In his first point of error, appellant contends that the court erred in refusing his timely request for an instruction in the court's charge prohibiting the jury from considering "evidence of any other alleged incident by the defendant" in its deliberations. In his second point of error, appellant asserts that the court's refusal to grant his requested instruction allowed the jury to speculate about other matters not in evidence. An accused is entitled to be tried on the accusations made in the State's pleading and he should not be tried for some collateral crime or for being a criminal generally. Templin v. State, 711 S.W.2d 30, 32 (Tex. Crim. App. 1986).

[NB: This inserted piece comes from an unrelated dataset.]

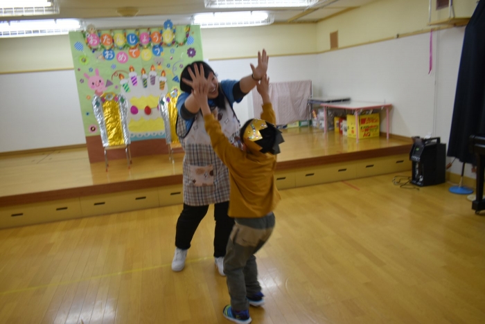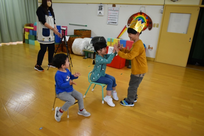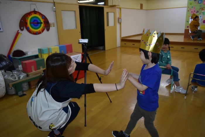誕生会リハーサル風景③ ~ 先生とハイタッチ!!
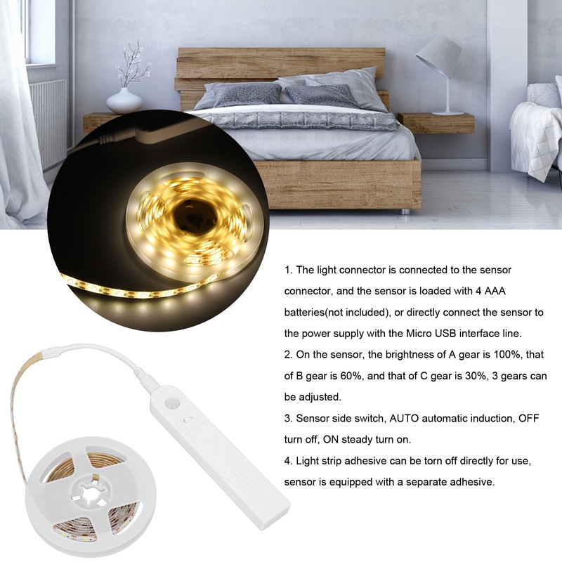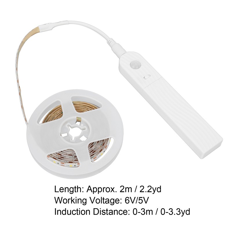 2.2yd Motion Sensor LED Strip Light 3 Brightness Automatic Turn On Motion Activated Bed Light

One of the exceptions to this principle is that evidence of an extraneous or extrinsic offense may be admissible to show the context in which the criminal act occurred. Wilkerson v. State, 736 S.W.2d 656, 659-60 (Tex. Crim. App. 1987).
Where an offense is one continuous transaction, or another offense is part of the case on trial or blended or closely interwoven, proof of all such facts is proper. [T]his has been termed the "res gestae," under the reasoning that events do not occur in a vacuum and that the jury has a right to hear what occurred immediately prior to and subsequent to the commission of the act so they may realistically evaluate the evidence.
Luck v. State, 588 S.W.2d 371, 375-76 (Tex. Crim. App. 1979) (citations omitted). Where a description of the immediate circumstances reveals offenses other than those charged, exclusion of such evidence will render an understanding of testimony unlikely. Wilkerson, 736 S.W.2d at 661. It is not necessary to give a limiting instruction on an extraneous offense that constitutes a part of the res gestae of the offense for which an accused is on trial. Luck, 588 S.W.2d at 376.
In the instant cause, the series of events leading to the primary offense was initiated by a call from M & M Towing advising Singleton that, after Doyle Ray brought her truck to M & M, "We left him bleeding in the ditch." When officers were called to resolve the dispute of whether the truck could be removed from M & M, appellant told Officer Gratten that he "beat up Doyle Ray." We find that the offense involving Ray was so closely interwoven with the primary offense as to constitute one continuous transaction. No error is shown in the trial court's action in refusing to grant appellant's requested instruction limiting the jury's consideration of the extraneous offense. Appellant's points of error are overruled.
The judgment is affirmed.
Tom G. Davis, Justice
[Before Justices Jones, B. A. Smith and Davis*]
Affirmed
Filed: March 10, 1993
[Do Not Publish]
* Before Tom G. Davis, Judge (retired), Court of Criminal Appeals, sitting by assignment. See Tex. Gov't Code Ann. § 74.003(b) (West 1988).